GREEN TIP: October is International Walk to School month and October 3rd is Walk to School Day 2012. Get involved. Walking is good for all of us and great for the environment.

Here are some reasons to support walking and biking to school courtesy of WalktoSchool.org:

  • To enhance the health of kids
    • Physical Activity
      • Free, convenient, enjoyable and does not require special equipment or training: Walking is a great way for adults and kids to be active. Lack of physical activity is a major cause of chronic illness and death for our country’s adults. Being overweight can cause health problems like diabetes during childhood and research shows that physically inactive kids are more likely to grow up to be physically inactive adults — and are therefore at high risk for obesity and related illnesses.
      • There are plenty of great reasons to walk to school — less traffic, safer streets, cleaner air — but one of the best is that children and parents will be healthier.

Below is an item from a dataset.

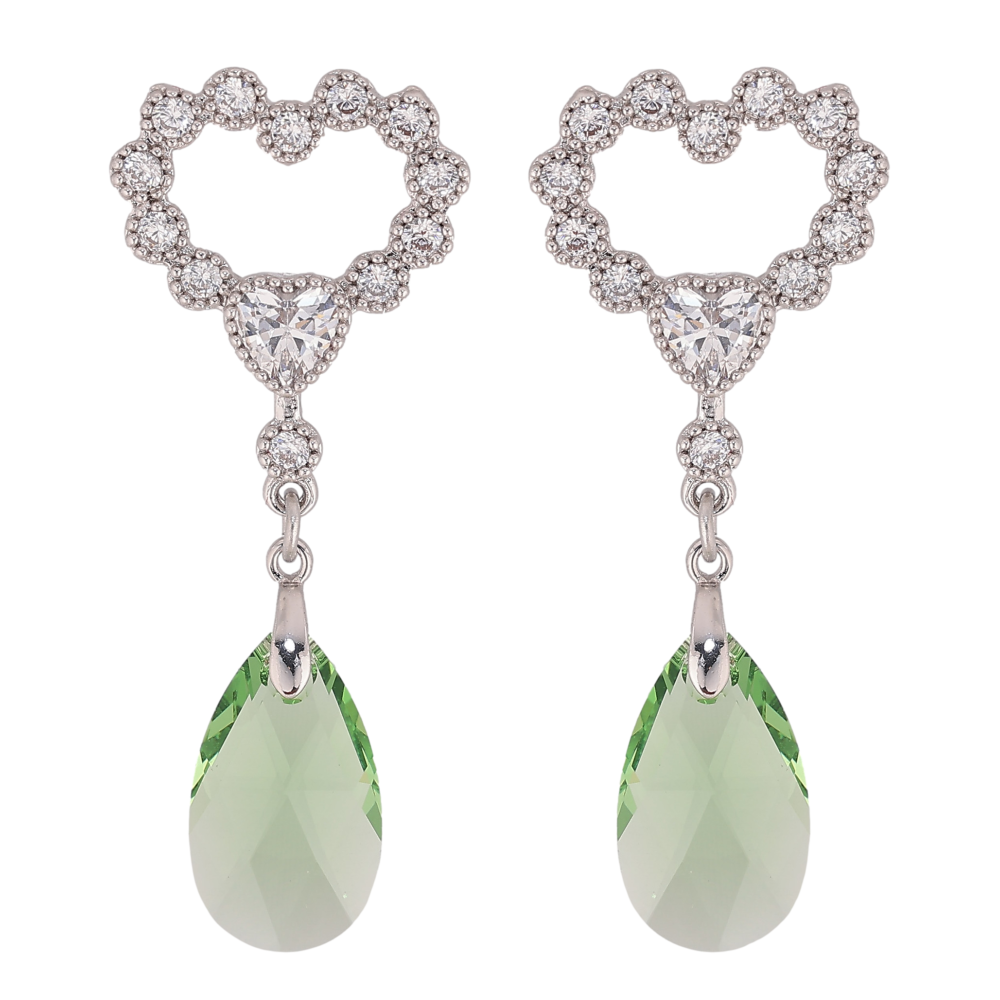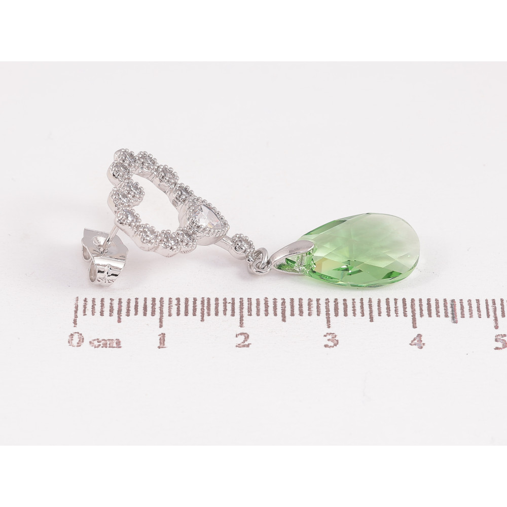 Серьги Xuping цвет Родий с кристаллами Swarovski пусеты "Сердечки с подвеской кристалл Peridot"
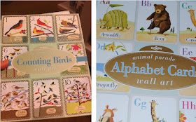 I absolutely adore these wall art cards. One is for numbers and the other for the alphabet. The pictures are gorgeous and the colors are stunning. You could frame these cards (like they did in the picture above on the left) or you could display them on a picture ledge. Kids will love these.

With obesity rates skyrocketing and only one-quarter of American’s able to get the Surgeon General’s recommended daily dose of exercise (just 30 minutes), it’s an ideal time to encourage people to walk to school for their own health and well-being.

How much activity should kids get? Elementary school-aged children should accumulate at least 30 to 60 minutes of age-appropriate and developmentally appropriate physical activity from a variety of activities on all, or most, days of the week.

What about adults? To promote their general health, adults are encouraged to meet or exceed recommendations of at least 30 minutes of moderate-intensity physical activity “most” days of the week.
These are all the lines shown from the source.